(WHAT YOU ARE ASKED TO DO):
Among the lines below, the one containing "作為新古典主義建筑的典范,鹽" opens the range and the one containing "6 Tier Spinning" closes it. Print that range exactly, without the pictures.

(EXERCISE MATERIALS):

——————

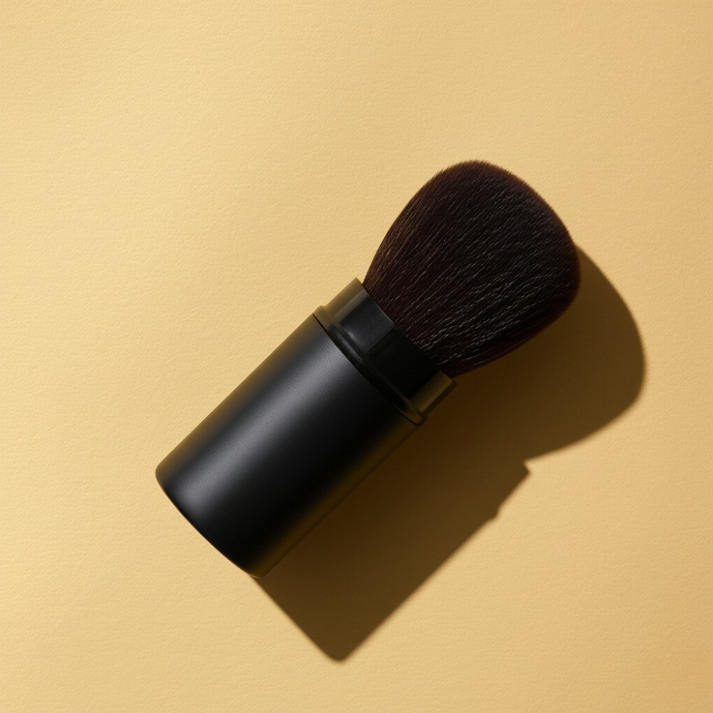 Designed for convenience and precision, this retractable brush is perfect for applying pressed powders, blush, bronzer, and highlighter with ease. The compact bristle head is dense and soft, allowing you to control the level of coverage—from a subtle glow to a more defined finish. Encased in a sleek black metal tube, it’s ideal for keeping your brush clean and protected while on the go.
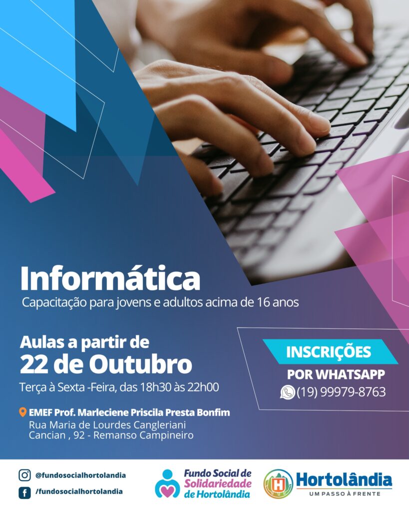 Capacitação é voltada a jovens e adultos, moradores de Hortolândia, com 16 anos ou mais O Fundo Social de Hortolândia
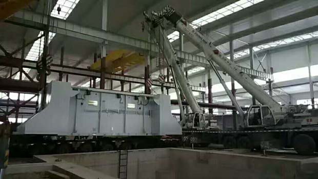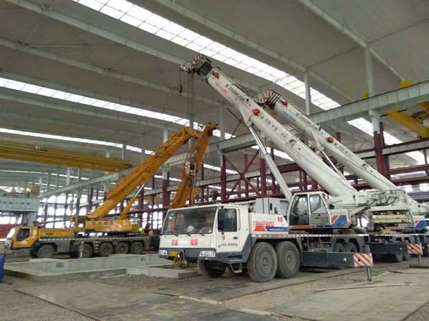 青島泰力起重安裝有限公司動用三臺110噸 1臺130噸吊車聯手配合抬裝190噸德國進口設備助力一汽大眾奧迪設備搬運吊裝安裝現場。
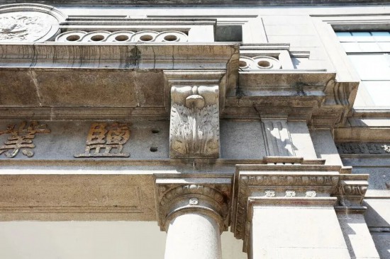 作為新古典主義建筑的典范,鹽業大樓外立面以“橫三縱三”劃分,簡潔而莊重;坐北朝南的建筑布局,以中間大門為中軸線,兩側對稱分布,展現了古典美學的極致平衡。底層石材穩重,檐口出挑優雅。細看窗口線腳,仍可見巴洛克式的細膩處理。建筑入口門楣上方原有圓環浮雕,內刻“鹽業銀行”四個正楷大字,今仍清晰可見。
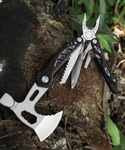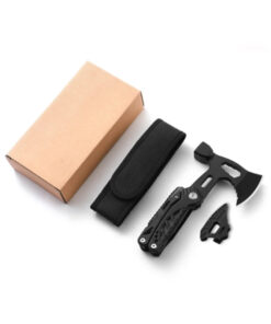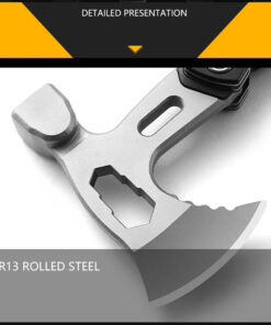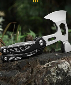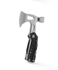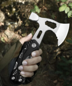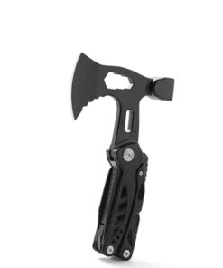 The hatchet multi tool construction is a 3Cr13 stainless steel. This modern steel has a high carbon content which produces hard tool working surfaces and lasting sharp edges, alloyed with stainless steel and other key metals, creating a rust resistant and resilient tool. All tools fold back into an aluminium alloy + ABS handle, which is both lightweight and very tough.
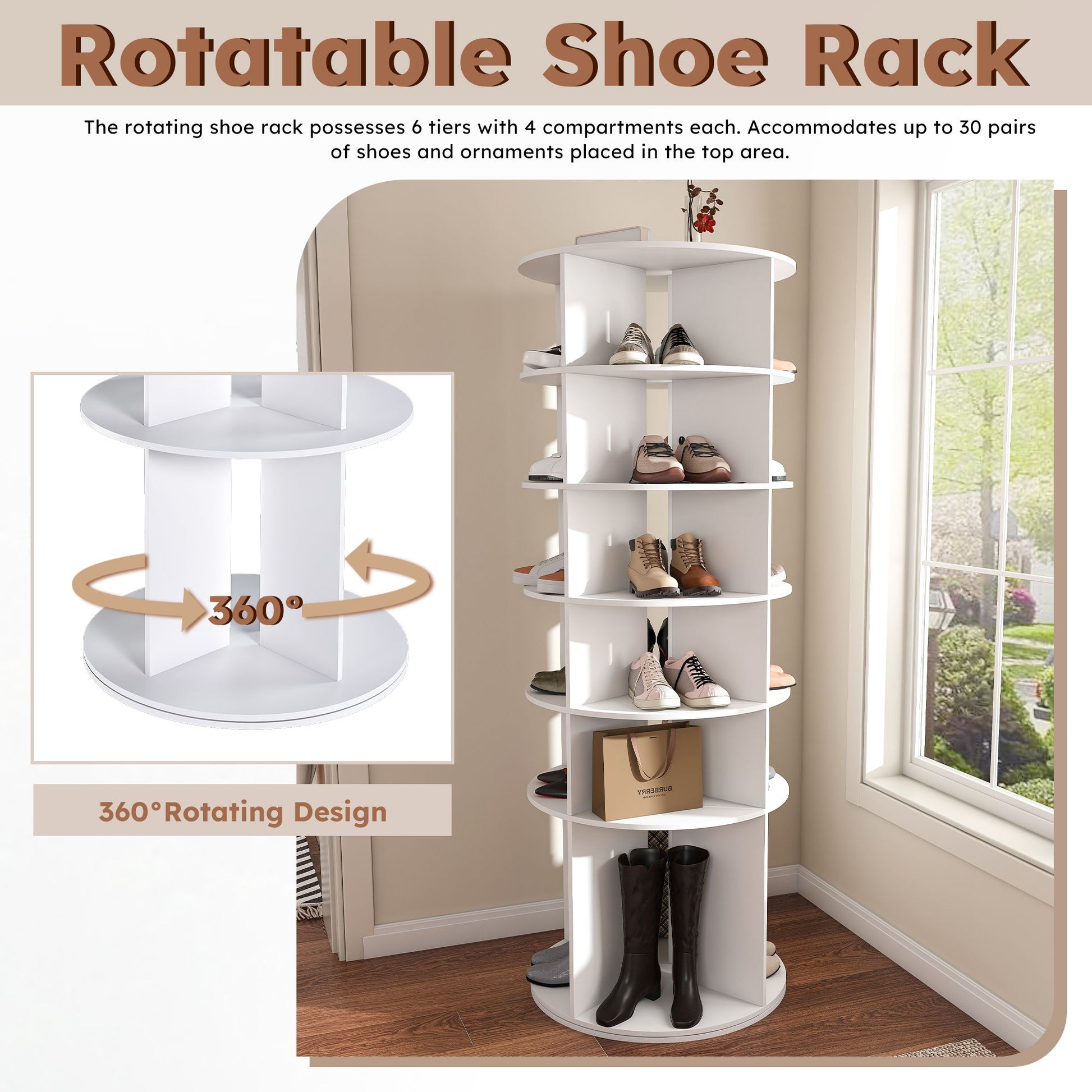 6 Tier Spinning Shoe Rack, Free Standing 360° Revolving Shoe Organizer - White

——————

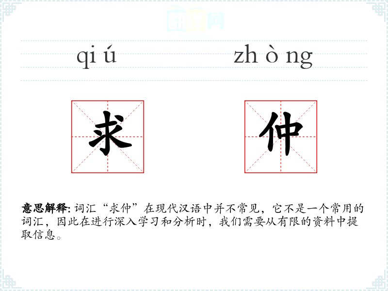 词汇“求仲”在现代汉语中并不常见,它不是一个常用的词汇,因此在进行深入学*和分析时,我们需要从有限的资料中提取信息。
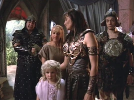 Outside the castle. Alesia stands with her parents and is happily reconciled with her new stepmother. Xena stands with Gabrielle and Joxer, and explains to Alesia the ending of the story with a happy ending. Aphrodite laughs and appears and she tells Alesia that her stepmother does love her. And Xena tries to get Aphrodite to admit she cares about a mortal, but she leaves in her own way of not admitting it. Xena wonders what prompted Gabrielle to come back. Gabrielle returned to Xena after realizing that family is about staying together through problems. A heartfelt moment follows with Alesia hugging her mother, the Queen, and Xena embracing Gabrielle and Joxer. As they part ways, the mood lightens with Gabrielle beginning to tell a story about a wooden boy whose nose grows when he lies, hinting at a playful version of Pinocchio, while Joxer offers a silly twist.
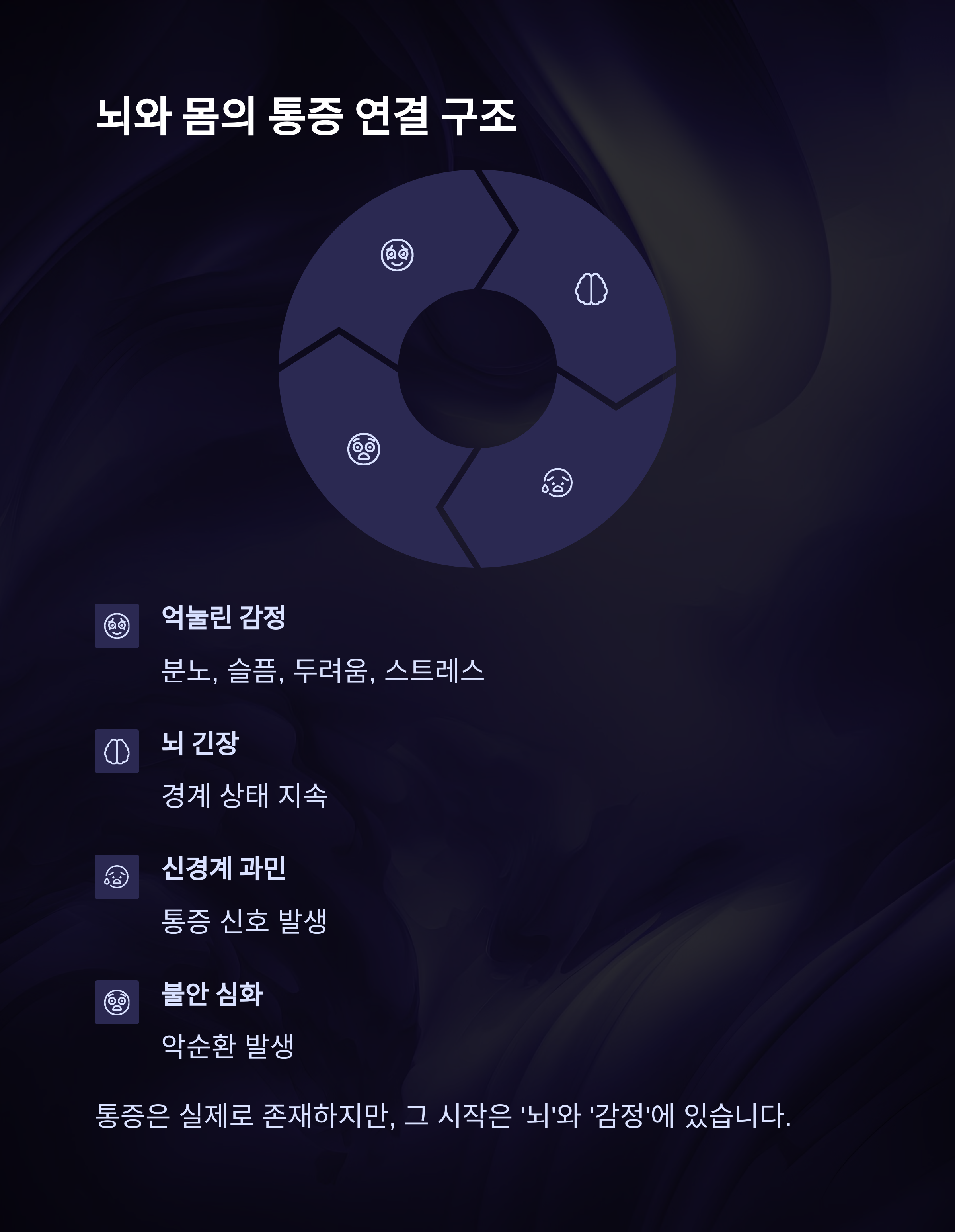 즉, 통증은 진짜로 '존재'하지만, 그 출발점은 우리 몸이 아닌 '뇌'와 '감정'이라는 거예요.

——————

(EXERCISE RESPONSE):
 作為新古典主義建筑的典范,鹽業大樓外立面以“橫三縱三”劃分,簡潔而莊重;坐北朝南的建筑布局,以中間大門為中軸線,兩側對稱分布,展現了古典美學的極致平衡。底層石材穩重,檐口出挑優雅。細看窗口線腳,仍可見巴洛克式的細膩處理。建筑入口門楣上方原有圓環浮雕,內刻“鹽業銀行”四個正楷大字,今仍清晰可見。
 The hatchet multi tool construction is a 3Cr13 stainless steel. This modern steel has a high carbon content which produces hard tool working surfaces and lasting sharp edges, alloyed with stainless steel and other key metals, creating a rust resistant and resilient tool. All tools fold back into an aluminium alloy + ABS handle, which is both lightweight and very tough.
 6 Tier Spinning Shoe Rack, Free Standing 360° Revolving Shoe Organizer - White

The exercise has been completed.